Cutting onions is a notoriously tricky endeavor for any recipe that includes it on the ingredient list. You start by navigating the layers you should peel away and discard (or reserve for a stock recipe later) without going too far and tossing out too much of a good onion. Meanwhile, you’re also trying not to look like you’ve just heard the worst news ever with tears running down your face. It’s a lot to go through for a simple meal, but onions can make all the difference in the flavor of a dish.

That said, you may have noticed that the distinct taste is sometimes less pungent than you thought it'd be. There could be several factors — the amount of onion you’re using, how long it’s cooked, or whether you tossed it in raw — but it turns out that the initial slice of your knife can be what alters an onion’s flavor right from the start.

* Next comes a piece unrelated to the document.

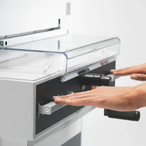 • Fully automatic tabletop cutter with electric blade drive, automatic clamp, and easy-cut blade activation.

The experts at Cook’s Illustrated tested out eight white onions that they cut in two different ways: pole to pole (with the grain) and parallel to the equator (against the grain). According to their results, the onions that were sliced pole to pole were noticeably less flavorful in both taste and odor compared to those cut along the equator. If that seems like far too simple a reason for such a big change in taste, you can try testing it out yourself the next time you’re whipping up a meal that requires onions. For those who are skeptical, however, we can assure you that there is science to support the claim.

Onions produce a substance called thiosulfinates, which is where the strong flavor comes from. The potent flavor and odor occurs when that substance reacts with the veggie’s proteins. This happens when the cells are damaged — like when a knife slices through them. When you cut pole to pole, you’re cutting with the grain and therefore causing less damage to the cells. Cutting along the equator and against the grain causes the opposite and more pungent effect to occur.

This can also explain why you might find yourself crying more than other times while preparing a meal with onions. With this info in mind, you can not only customize the overall taste of your meals, but also potentially cut back on the amount of tears you shed.